◆ **TASK DESCRIPTION**: What follows is a set of records. Retype them exactly, leaving out the pictures.

◆ **RECORDED DATA**:
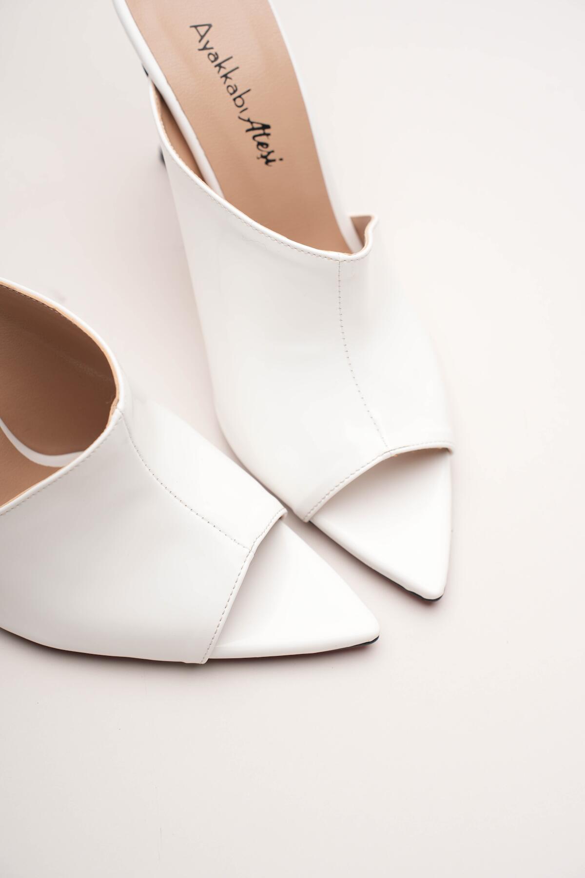 Kadın Tasarım İnce Topuklu Terlik Carolina Beyaz Rugan
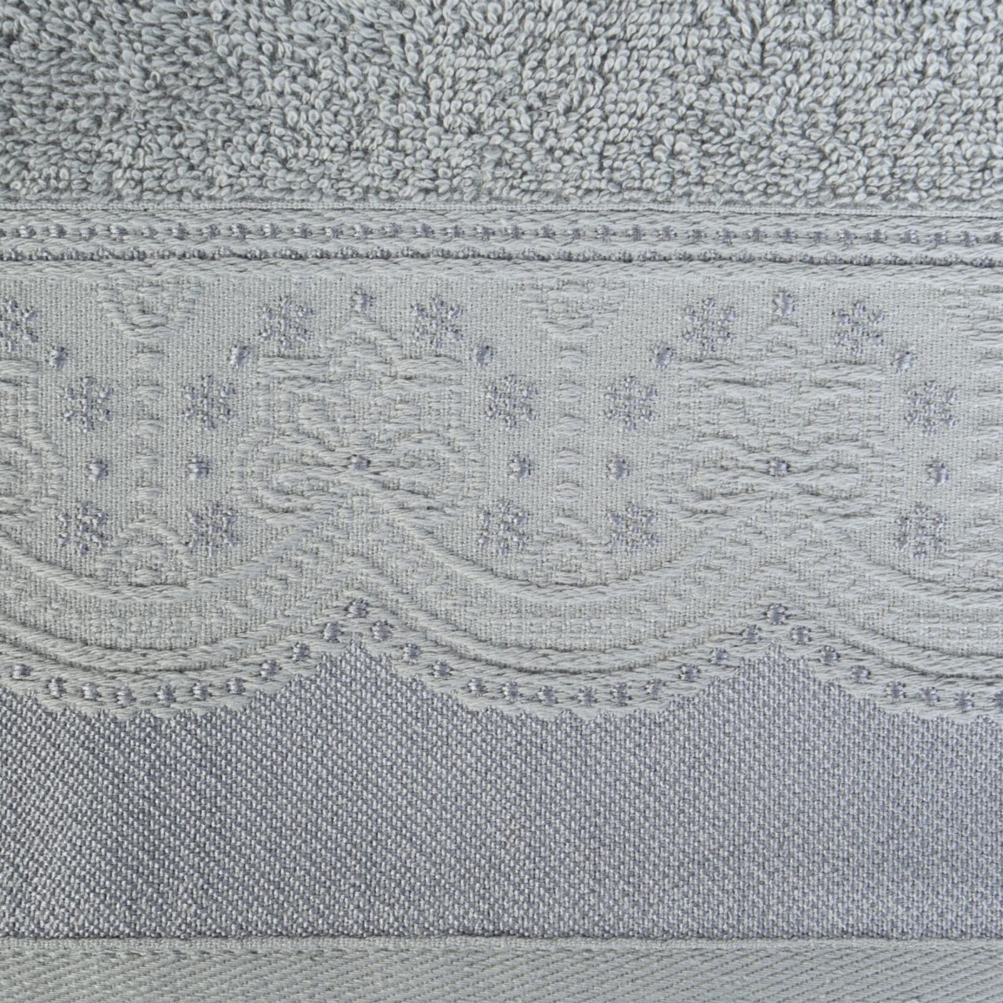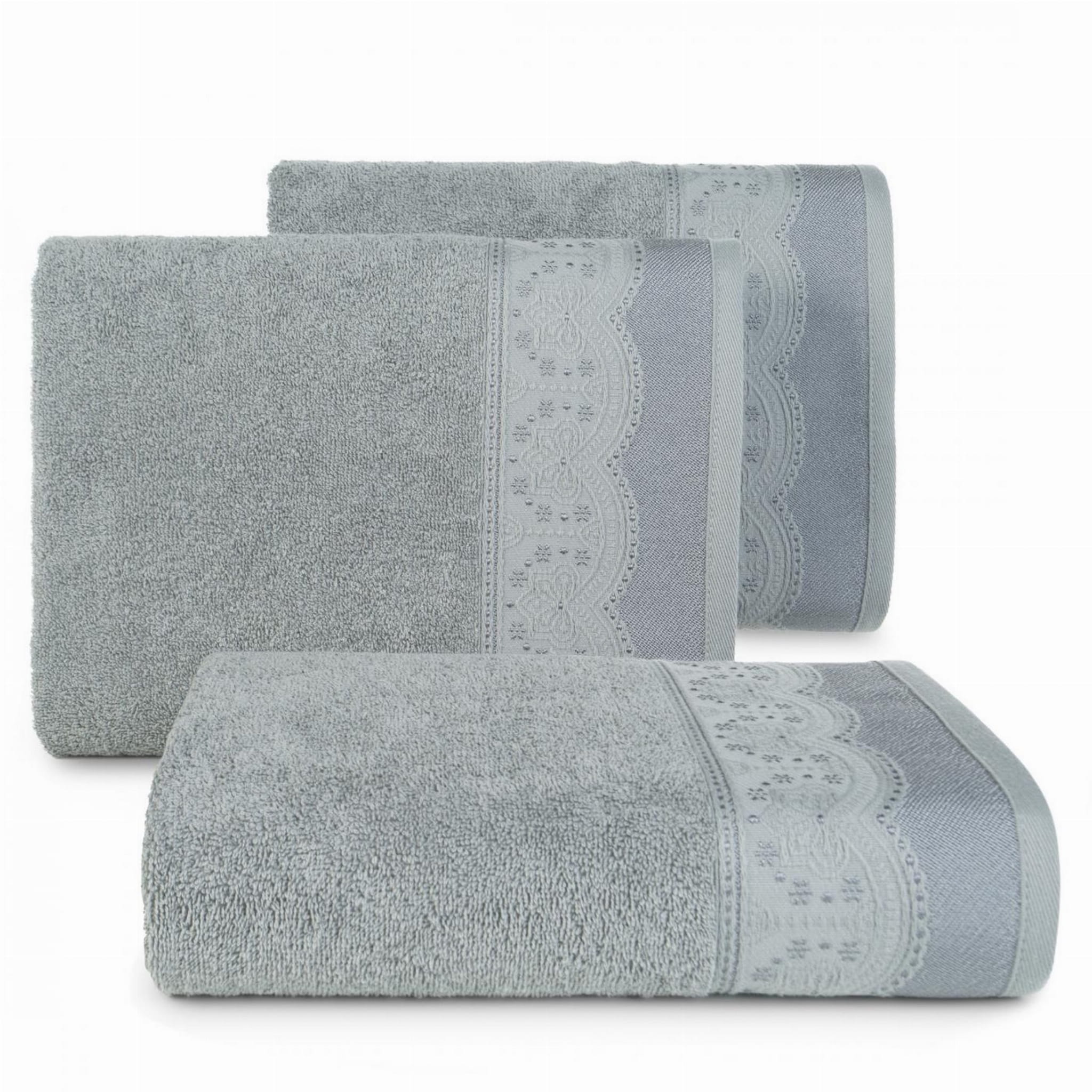 Ręcznik bawełniany Tina w kolorze grafitowym z ozdobną bordiurą został wyprodukowany przez znaną i cenioną markę Eurofirany. Został wykonany z wysokiej jakości przędzy frotte, składającej się w 100% bawełny, która zapewnia wysokie właściwości higroskopijne czyli zdolność pochłaniania wilgoci. Charakteryzuje się optymalną do codziennego użytku gramaturą 450 g/m², dzięki której szybko schnie. Dodatkowo ręcznik cechuje się przyjemnym i miękkim chwytem. Świetnie odnajdzie się w klasycznych jak i nowoczesnych wnętrzach tym bardziej, że ręcznik występuje w bardzo bogatej kolorystyce. Z pewnością zadowolą klientów szukających wysokiej jakości w połączeniu z atrakcyjną ceną i eleganckim designem.
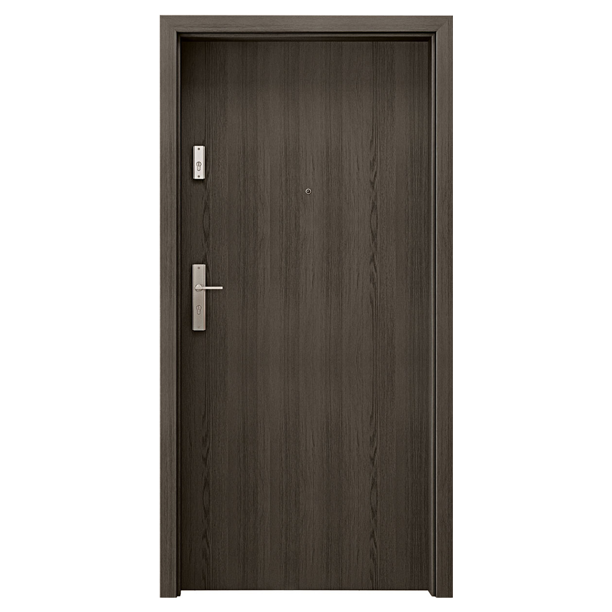 Skrzydło drzwiowe wykonane jest na bazie czopowanej ramy z klejonki drewna iglastego wypełnionej płytą wiórową. Wyposażone jest w wielopunktowy zamek listwowy, 3 zawiasy wzmocnione.
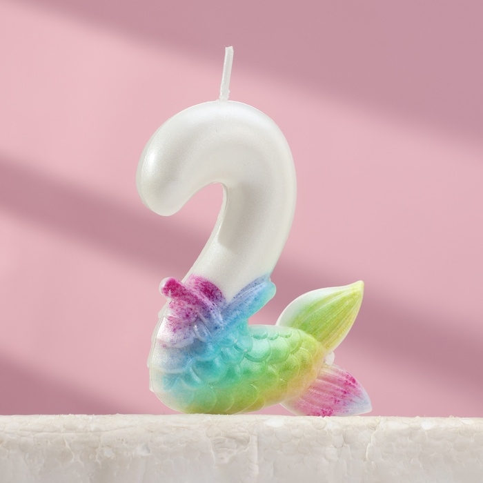 Свеча для торта "Рыбка исполения желаний", цифра "2", белая
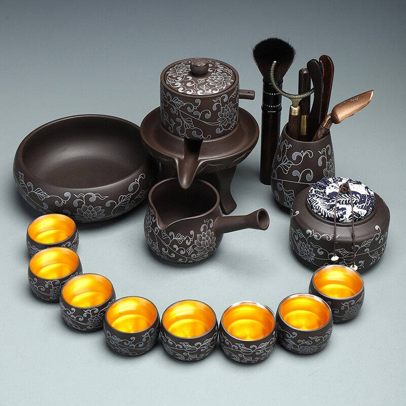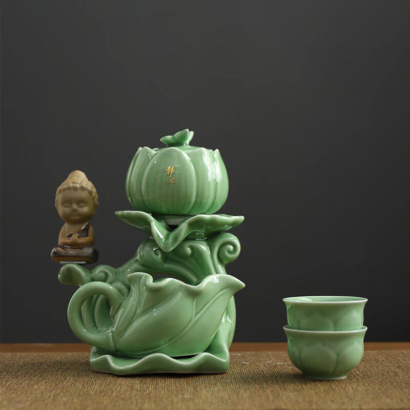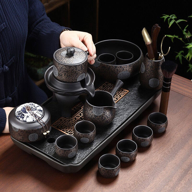 康乐品自动茶具鎏银茶具套装家用石磨懒人功夫茶具旋转出水泡茶器

◆ **OUTPUT FOR THIS EXERCISE**:
 Kadın Tasarım İnce Topuklu Terlik Carolina Beyaz Rugan
 Ręcznik bawełniany Tina w kolorze grafitowym z ozdobną bordiurą został wyprodukowany przez znaną i cenioną markę Eurofirany. Został wykonany z wysokiej jakości przędzy frotte, składającej się w 100% bawełny, która zapewnia wysokie właściwości higroskopijne czyli zdolność pochłaniania wilgoci. Charakteryzuje się optymalną do codziennego użytku gramaturą 450 g/m², dzięki której szybko schnie. Dodatkowo ręcznik cechuje się przyjemnym i miękkim chwytem. Świetnie odnajdzie się w klasycznych jak i nowoczesnych wnętrzach tym bardziej, że ręcznik występuje w bardzo bogatej kolorystyce. Z pewnością zadowolą klientów szukających wysokiej jakości w połączeniu z atrakcyjną ceną i eleganckim designem.
 Skrzydło drzwiowe wykonane jest na bazie czopowanej ramy z klejonki drewna iglastego wypełnionej płytą wiórową. Wyposażone jest w wielopunktowy zamek listwowy, 3 zawiasy wzmocnione.
 Свеча для торта "Рыбка исполения желаний", цифра "2", белая
 康乐品自动茶具鎏银茶具套装家用石磨懒人功夫茶具旋转出水泡茶器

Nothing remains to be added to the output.